*DIRECTIONS FOR THIS TASK:*
This task asks for the lines from the one with "試合:早川がステップインから" to the final line below, repeated exactly, with pictures omitted.

★ ★ ★ ★ ★ ★ ★

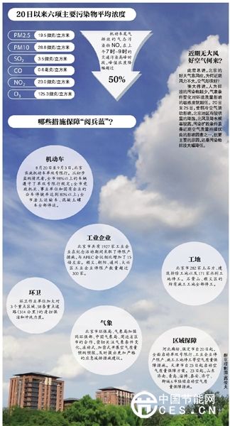 紀(jì)念抗戰(zhàn)勝利70周年大閱兵在即,北京的空氣質(zhì)量如何備受關(guān)注。北京市環(huán)保監(jiān)測中心數(shù)據(jù)顯示,本月20日實(shí)施單雙號(hào)限行等減排措施后,連續(xù)5天北京PM2.5平均濃度為19.5微克/立方米,創(chuàng)下有PM2.5觀測記錄以來持續(xù)5天的最低值。為保障“閱兵藍(lán)”,全市共有1927家工業(yè)企業(yè)采取了停限產(chǎn)措施,與APEC會(huì)議相比增加了15倍左右。
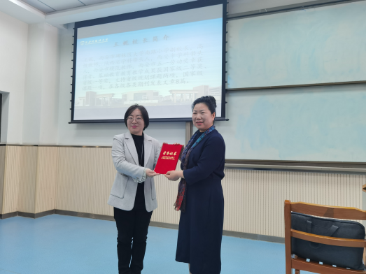 首先,刘一静介绍了大学南路小学的情况和王妮校长的简介,并代表学院向王校长颁发了荣誉证书,对王校长的到来表示衷心的感谢。
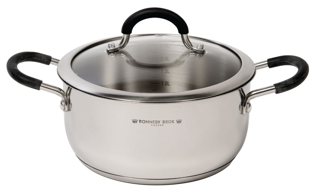 Ronneby Bruk, Rostfri Gryta 3 L med Ventilerat Glaslock – Silikonhandtag
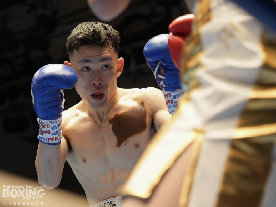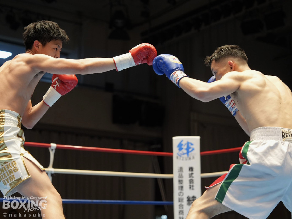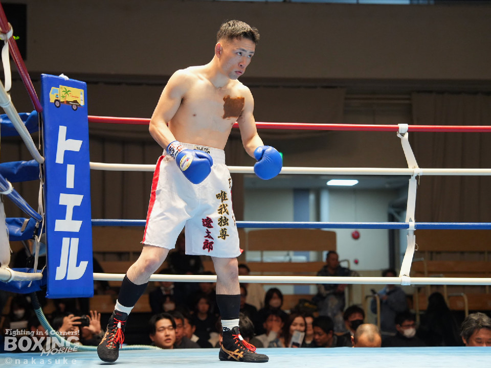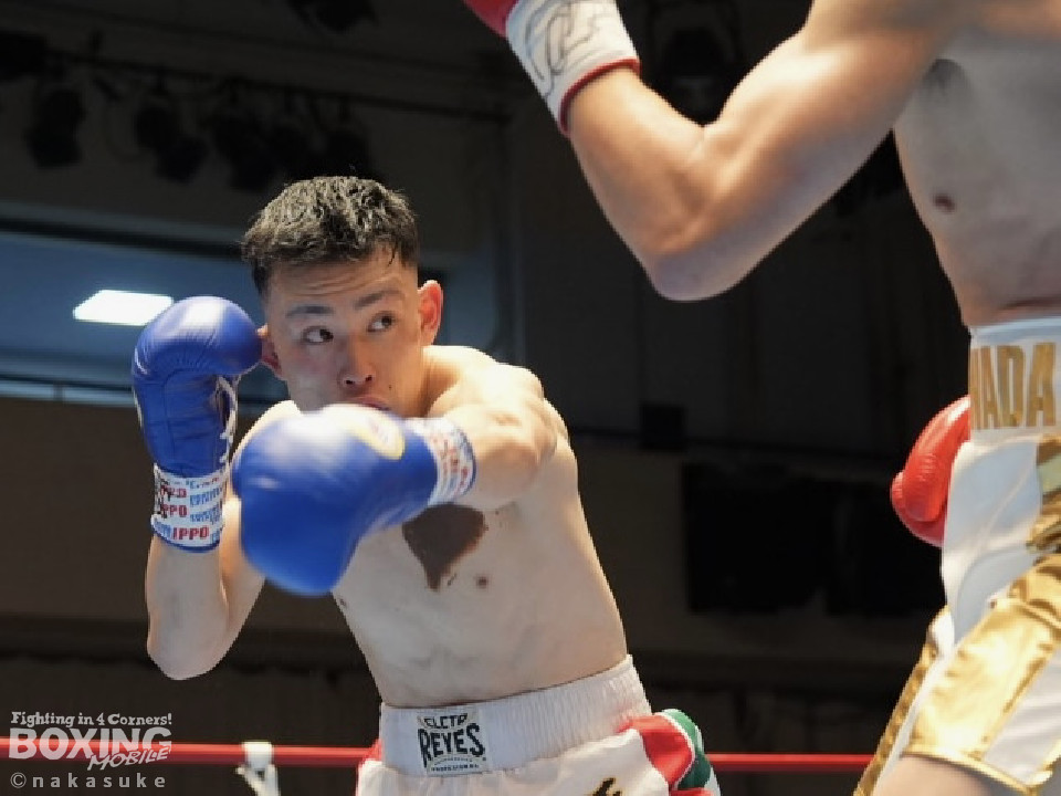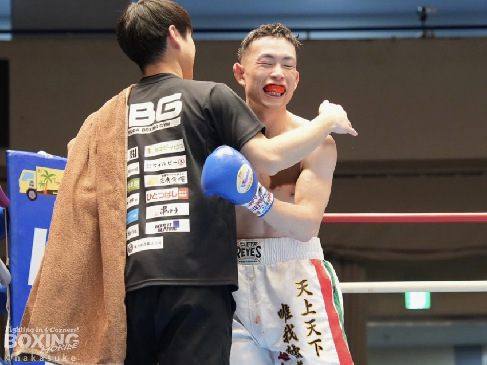 試合:早川がステップインから右フックを繰り出し先制攻撃。2回、サウスポー澤田は、前の手で揺さぶりをかけて出鼻を挫きにいくが、早川は単発の右ボディストレートをヒット。3回、澤田は右フックを合わせると足を使いながら決定打を回避。4回、早川はプレスをかけてボディにコツコツと集めてアグレッシブな姿勢を見せた。愛媛から参戦した早川が連敗脱出に成功した。
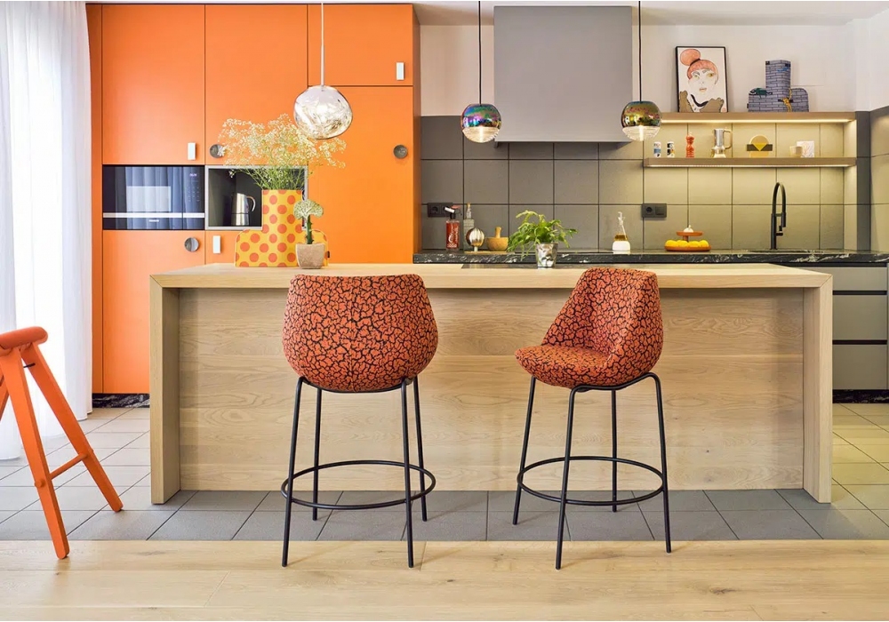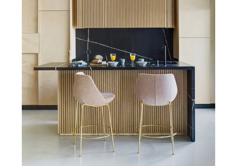 Magnum diseñado por EstudiHac para Sancal es un taburete con patas de acero acabado dorado o lacado mate en diferentes colores, asiento acolchado y respaldo tapizado en tejido.
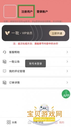 4、个人页面中需要点击上方的【注册账号】去进行注册。
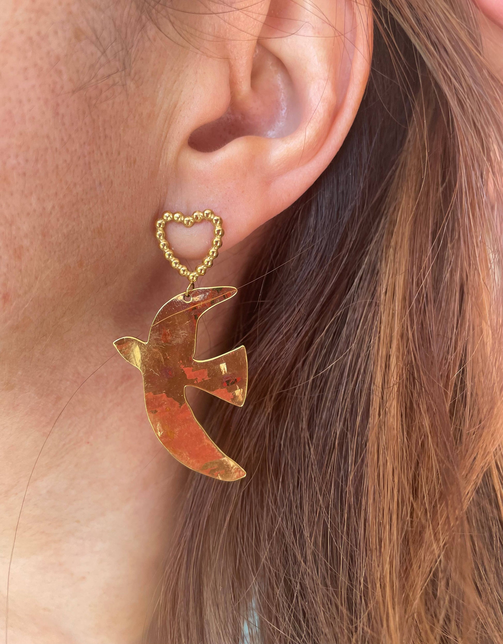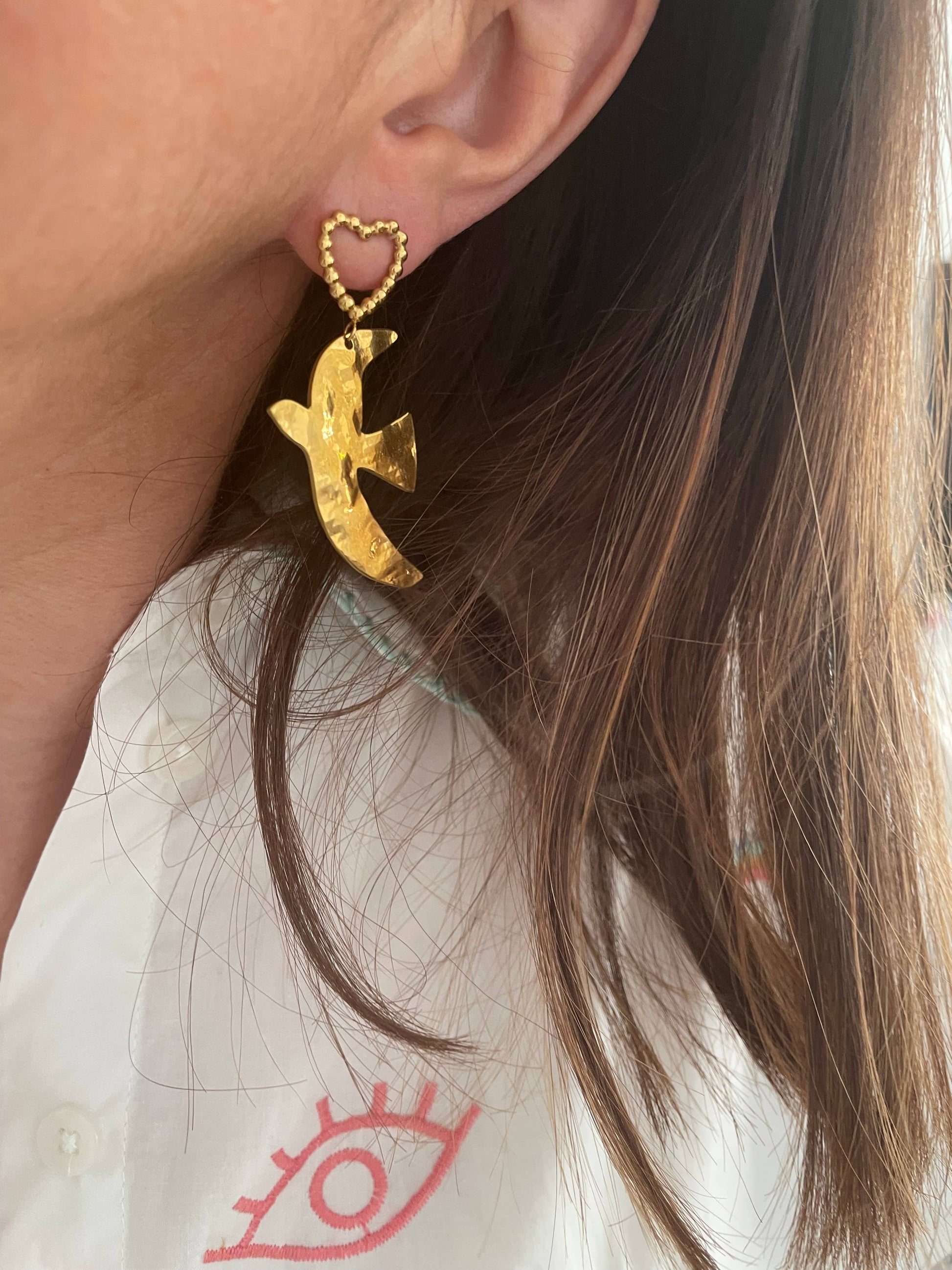 clou cœur à boules - pendentif oiseau

★ ★ ★ ★ ★ ★ ★

*TASK OUTPUT:*
 試合:早川がステップインから右フックを繰り出し先制攻撃。2回、サウスポー澤田は、前の手で揺さぶりをかけて出鼻を挫きにいくが、早川は単発の右ボディストレートをヒット。3回、澤田は右フックを合わせると足を使いながら決定打を回避。4回、早川はプレスをかけてボディにコツコツと集めてアグレッシブな姿勢を見せた。愛媛から参戦した早川が連敗脱出に成功した。
 Magnum diseñado por EstudiHac para Sancal es un taburete con patas de acero acabado dorado o lacado mate en diferentes colores, asiento acolchado y respaldo tapizado en tejido.
 4、个人页面中需要点击上方的【注册账号】去进行注册。
 clou cœur à boules - pendentif oiseau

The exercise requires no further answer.